A influência do mundo digital sobre a personalidade dos adolescentes é a maior marca de ‘Adolescência’ e se tornou um dos perturbadores elementos da série, impactando pais que reconheceram nas imagens de Jamie o perfil dos próprios filhos exilados em seus quartos, mergulhados nos celulares, surdos e mudos a vozes familiares responsáveis por interações imprescindíveis ao crescimento mental e psíquico. Vários também se reconheceram nos pais de Jamie, que erraram por ignorância e não por negligência, ao desconsiderarem riscos para o filho que permanecia ‘dentro de sua casa’, ao não considerarem que as telas são portais para a entrada em outros espaços que não físicos, algumas vezes situados a anos-luz de distância do ambiente familiar, onde vozes anônimas ou afamadas promovem discursos de intolerância, ódio e misoginia, como os que afetaram Jamie.

Óbvio que não se deve demonizar o celular, máquina já integrada no cotidiano. Mas é preciso estar atento para que os recém-saídos da infância não tenham a saúde mental comprometida por ele. De maneira geral, adolescentes vivem em outro mundo que os pais não podem apenas orbitar. Precisam entrar nele, frequentar as redes, conhecer os símbolos, o   léxico, a sintaxe desse lugar onde ‘um coração roxo’ não significa ‘muito amor’, como acreditava o policial que prende o menino e investiga o crime; nem o termo ‘incel’, palavra-chave do bullying sofrido por Jamie, diz respeito apenas ‘à tecnologia de tela LCD que torna os displays mais finos e integrados’, conforme explicam os técnicos. Com sua potência avassaladora, o neologismo que na série só os iniciados conhecem é abreviação de "involuntary celibate" (celibatário involuntário) e se refere a homens incapazes de experiências sexuais, apesar do desejo de tê-las. É o que fica sabendo a psicóloga que entrevista Jamie na prisão.
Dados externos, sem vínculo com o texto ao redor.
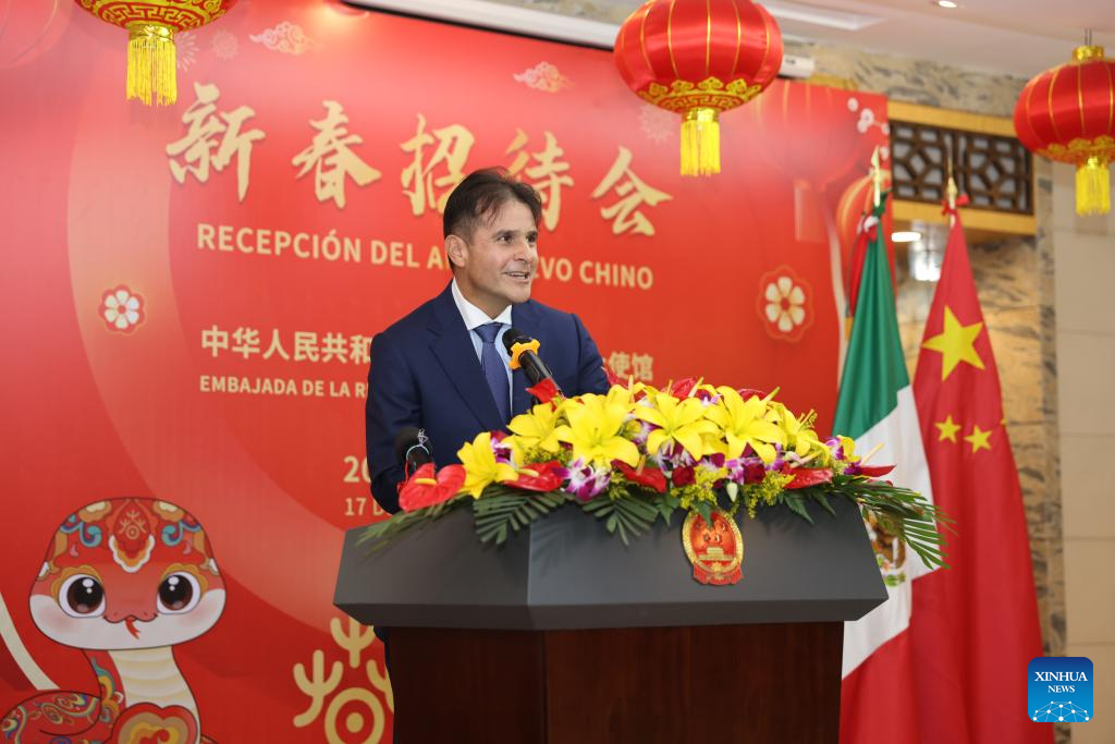 CIUDAD DE MÉXICO, 18 enero, 2025 (Xinhua) -- Imagen del 17 de enero de 2025 de Fernando González, director general para Asia-Pacífico de la Secretaría de Relaciones Exteriores de México, pronunciando un discurso durante una recepción con motivo del Año Nuevo Chino 2025 en la Embajada de China en México, en la Ciudad de México, capital de México. La presidenta de la Comisión de Relaciones Exteriores Asia-Pacífico del Senado mexicano, Yeidckol Polevnsky, resaltó la visión compartida entre China y México durante una recepción con motivo del Año Nuevo Chino 2025, celebrada este viernes en la Embajada de China en México. (Xinhua/Li Mengxin)
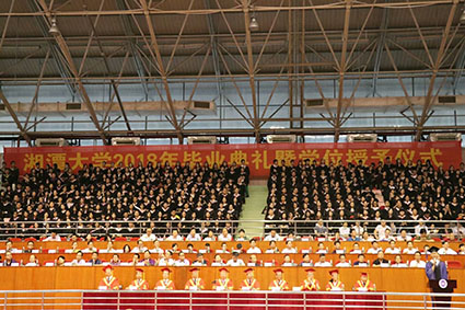 2018年毕业典礼暨学位授予仪式在体育馆隆重举行。本次典礼由校党委书记黄云清主持。出席毕业典礼的嘉宾有校领导周益春、高协平、宁建民、刘长庚、董康明、郑赤建、黄竹青、刘建平、刘长青,特邀嘉宾党的十九大代表、湘大99级哲学系校友,中国青年政治学院中国马克思主义学院副教授万资姿,以及来自全校各院系的毕业生家长代表,共同来见证2018 届毕业生这一重要时刻。
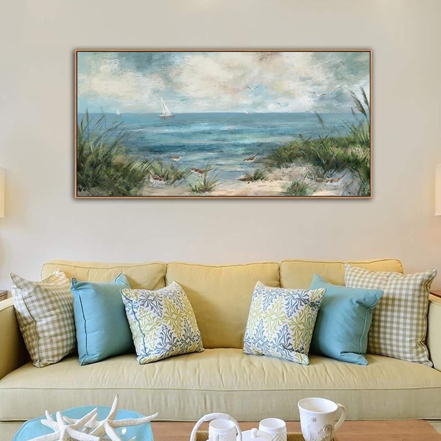 Sea Beach Framed Canvas Wall Art Vintage Seascape Canvas Prints Wall Decor Ocean Sailboat Seagull Canvas Pictures Beach Bird Reed Canvas Painting Artwork Living Room Bedroom Decoration 29" X 58"
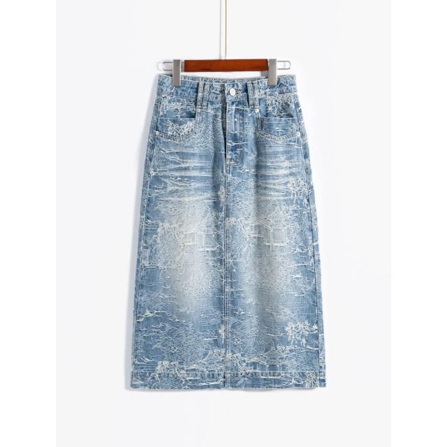 漫語 新中式清明上河圖提花牛仔直筒裙—高級感2026新款顯瘦半身裙776
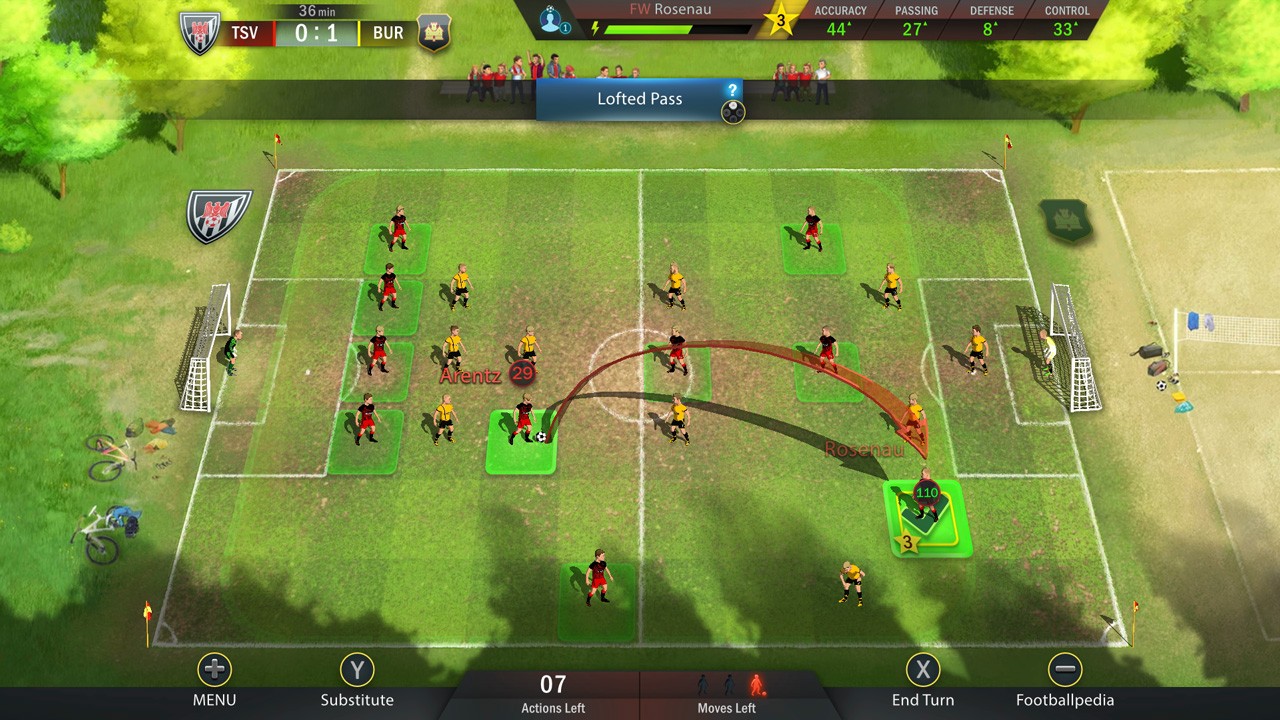 Football, Tactics & Glory is a turn-based football simulation. Imagine a much simplified Football Manager game when you pick the team, make transfers and organise training and mix that with something that looks like a turn based Sensible Soccer. Football, Tactics & Glory doesn’t have any official licenses, but that doesn’t make it any less interesting or fun. At the beginning Football, Tactics & Glory throws you straight into a game, something reminiscent of EA titles, it’s works quite well introducing you to some of the simpler interactions required to progress. There’s actually a bit of a plot opener, as you get injured in the game and then that starts you off on your career as a manager.

Entretanto, conseguir adentrar o mundo do adolescente sem parecer invasivo, invasiva, e aprender esse ‘código morse’ que é a linguagem deles, não bastará se não houver esforço por comunicação verdadeira da parte de quem cuida. O vínculo cultivado com conversa, compreensão e empatia genuínas é o que pode salvar um adolescente de muitas tragédias. Sempre é bom lembrar que a tarefa dos pais não termina quando o filho deixa as fraldas e vai para a escola: ela não cessa porque educar é processo contínuo, trabalhoso, exigente.
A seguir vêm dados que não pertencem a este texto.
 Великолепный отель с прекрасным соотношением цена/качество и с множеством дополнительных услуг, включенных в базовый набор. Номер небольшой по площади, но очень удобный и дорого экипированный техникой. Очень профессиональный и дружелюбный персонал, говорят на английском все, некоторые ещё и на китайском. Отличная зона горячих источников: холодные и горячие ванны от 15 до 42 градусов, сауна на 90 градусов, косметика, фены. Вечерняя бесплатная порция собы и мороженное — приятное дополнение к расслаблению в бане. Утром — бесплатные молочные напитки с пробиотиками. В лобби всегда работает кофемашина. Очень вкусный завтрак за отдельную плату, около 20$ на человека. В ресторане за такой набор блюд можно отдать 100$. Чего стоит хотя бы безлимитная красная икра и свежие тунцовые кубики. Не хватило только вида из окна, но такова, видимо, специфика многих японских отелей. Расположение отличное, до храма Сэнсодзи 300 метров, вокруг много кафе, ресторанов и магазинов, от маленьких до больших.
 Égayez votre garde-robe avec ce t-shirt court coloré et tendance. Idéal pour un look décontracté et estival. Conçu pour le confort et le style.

Precisamos falar sobre Jamie para entender o que está acontecendo com nossos adolescentes e conosco enquanto sociedade. A arte pode favorecer a discussão, como tem feito ‘Adolescência’, através de tema de importância crucial, enredo bem construído, técnica envolvente e atores magníficos. ‘A arte pode ajudar a reduzir o abismo causado pela falta de habilidade da sociedade adulta para entender em que planeta os adolescentes vivem, seja emocionalmente ou digitalmente- ou os dois ao mesmo tempo’- escreveu a jornalista Renata Cafardo em recente artigo para o Estadão.  E concluiu: ‘Não é só quem tem filhos nessa idade, todos somos responsáveis por essa adolescência, pelos desafios do presente e pelo futuro que essa geração vai construir’. Alguém discorda?

Sonia Machiavelli é professora, jornalista, escritora; membro da Academia Francana de Letras.